Since we don’t have any Reported-by: tags in GCC: the credit for initially finding and
reporting this goes to AppliedMicro's original chip verification team for the XGene1.

Cheers,
Philipp.
James Greenhalgh Nov. 28, 2018, 4:31 p.m. UTC | #6
On Wed, Nov 28, 2018 at 07:08:02AM -0600, Philipp Tomsich wrote:
> 
> 
> On 28.11.2018, at 13:10, Richard Earnshaw (lists) <Richard.Earnshaw@arm.com<mailto:Richard.Earnshaw@arm.com>> wrote:
> 
> On 26/11/2018 19:50, Christoph Muellner wrote:
> The aarch64 ISA specification allows a left shift amount to be applied
> after extension in the range of 0 to 4 (encoded in the imm3 field).
> 
> This is true for at least the following instructions:
> 
> * ADD (extend register)
> * ADDS (extended register)
> * SUB (extended register)
> 
> The result of this patch can be seen, when compiling the following code:
> 
> uint64_t myadd(uint64_t a, uint64_t b)
> {
>  return a+(((uint8_t)b)<<4);
> }
> 
> Without the patch the following sequence will be generated:
> 
> 0000000000000000 <myadd>:
>   0: d37c1c21  ubfiz x1, x1, #4, #8
>   4: 8b000020  add x0, x1, x0
>   8: d65f03c0  ret
> 
> With the patch the ubfiz will be merged into the add instruction:
> 
> 0000000000000000 <myadd>:
>   0: 8b211000  add x0, x0, w1, uxtb #4
>   4: d65f03c0  ret
> 
> Tested with "make check" and no regressions found.
> 
> *** gcc/ChangeLog ***
> 
> 2018-xx-xx  Christoph Muellner  <christoph.muellner@theobroma-systems.com<mailto:christoph.muellner@theobroma-systems.com>>
>     Philipp Tomsich  <philipp.tomsich@theobroma-systems.com<mailto:philipp.tomsich@theobroma-systems.com>>
> 
> * config/aarch64/aarch64.c (aarch64_uxt_size): Correct the maximum
> shift amount for shifted operands.
> 
> *** gcc/testsuite/ChangeLog ***
> 
> 2018-xx-xx  Christoph Muellner  <christoph.muellner@theobroma-systems.com<mailto:christoph.muellner@theobroma-systems.com>>
>     Philipp Tomsich  <philipp.tomsich@theobroma-systems.com<mailto:philipp.tomsich@theobroma-systems.com>>
> 
> * gcc.target/aarch64/extend.c: Adjust the testcases to cover
> the changed shift amount.
> 
> 
> This is OK.  Thanks.
> 
> R.
> 
> PS, I was sufficiently surprised by this that I went and checked the
> original commit (it's not an obvious off-by-one error).  But it does
> appear that it's been this way since the code was originally added
> (prior to the initial publication of the port) and there's no obvious
> reason why.
> 
> Since we don’t have any Reported-by: tags in GCC: the credit for initially finding and
> reporting this goes to AppliedMicro's original chip verification team for the XGene1.

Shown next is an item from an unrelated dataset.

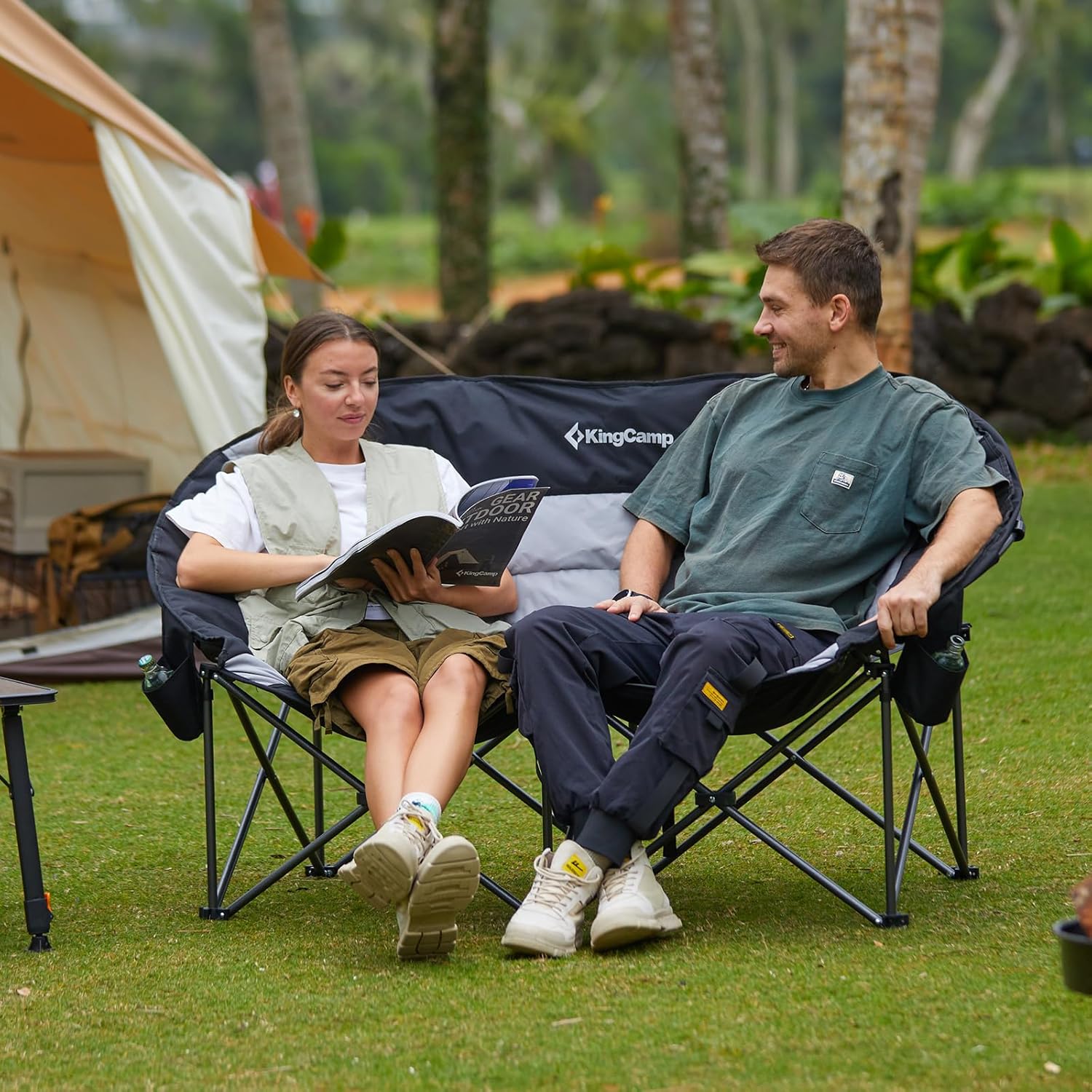 - 【Oversized Padded Comfort】Relax like never before with our oversized 2 person camping chair, designed to be 20% wider than standard loveseats. Featuring 400g/m² padding, this padded chair offers twice the cushioning of regular models, delivering a soft, cozy seating experience for two adults – perfect for long, lazy outdoor days.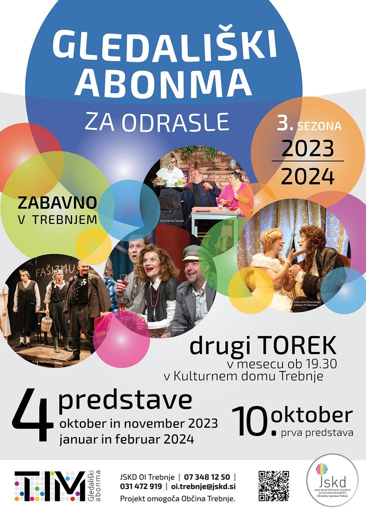 Cena abonmaja za vse štiri gledališke komedije je 40 evrov, na trebanjski JSKD pa ga vpisujemo do 10. oktobra. Vpis bo možen tudi eno uro pred prvo predstavo v avli Kulturnega doma Trebnje. Seveda bo možen tudi ogled posamezne predstave, cena vstopnice za izven bo 15 evrov. Več informacij: oi.trebnje@jskd.si in Abonma TIM 2023_2024

Good spot that team! This also took me down a rabbit hole of Architecture
Reference Manuals and old source trees wondering how we got off by one. My
best guess is that 0-3 just feels like the more natural range than 0-4...

Thanks for the patch and the distraction!

James
diff mbox series

Patch

diff --git a/gcc/config/aarch64/aarch64.c b/gcc/config/aarch64/aarch64.c
index 90bbc57..27b53f4 100644
--- a/gcc/config/aarch64/aarch64.c
+++ b/gcc/config/aarch64/aarch64.c
@@ -8226,7 +8226,7 @@  aarch64_output_casesi (rtx *operands)
 int
 aarch64_uxt_size (int shift, HOST_WIDE_INT mask)
 {
-  if (shift >= 0 && shift <= 3)
+  if (shift >= 0 && shift <= 4)
     {
       int size;
       for (size = 8; size <= 32; size *= 2)
diff --git a/gcc/testsuite/gcc.target/aarch64/extend.c b/gcc/testsuite/gcc.target/aarch64/extend.c
index f399e55..19b120d 100644
--- a/gcc/testsuite/gcc.target/aarch64/extend.c
+++ b/gcc/testsuite/gcc.target/aarch64/extend.c
@@ -37,6 +37,13 @@  adddi_uxtw (unsigned long long a, unsigned int i)
 }
 
 unsigned long long
+adddi_uxtw4 (unsigned long long a, unsigned int i)
+{
+  /* { dg-final { scan-assembler "add\tx\[0-9\]+,.*uxtw #?4" } } */
+  return a + ((unsigned long long)i << 4);
+}
+
+unsigned long long
 adddi_uxtw0 (unsigned long long a, unsigned int i)
 {
   /* { dg-final { scan-assembler "add\tx\[0-9\]+,.*uxtw\n" } } */
@@ -51,6 +58,13 @@  adddi_sxtw (long long a, int i)
 }
 
 long long
+adddi_sxtw4 (long long a, int i)
+{
+  /* { dg-final { scan-assembler "add\tx\[0-9\]+,.*sxtw #?4" } } */
+  return a + ((long long)i << 4);
+}
+
+long long
 adddi_sxtw0 (long long a, int i)
 {
   /* { dg-final { scan-assembler "add\tx\[0-9\]+,.*sxtw\n" } } */
@@ -65,6 +79,13 @@  subdi_uxtw (unsigned long long a, unsigned int i)
 }
 
 unsigned long long
+subdi_uxtw4 (unsigned long long a, unsigned int i)
+{
+  /* { dg-final { scan-assembler "sub\tx\[0-9\]+,.*uxtw #?4" } } */
+  return a - ((unsigned long long)i << 4);
+}
+
+unsigned long long
 subdi_uxtw0 (unsigned long long a, unsigned int i)
 {
   /* { dg-final { scan-assembler "sub\tx\[0-9\]+,.*uxtw\n" } } */
@@ -79,6 +100,13 @@  subdi_sxtw (long long a, int i)
 }
 
 long long
+subdi_sxtw4 (long long a, int i)
+{
+  /* { dg-final { scan-assembler "sub\tx\[0-9\]+,.*sxtw #?4" } } */
+  return a - ((long long)i << 4);
+}
+
+long long
 subdi_sxtw0 (long long a, int i)
 {
   /* { dg-final { scan-assembler "sub\tx\[0-9\]+,.*sxtw\n" } } */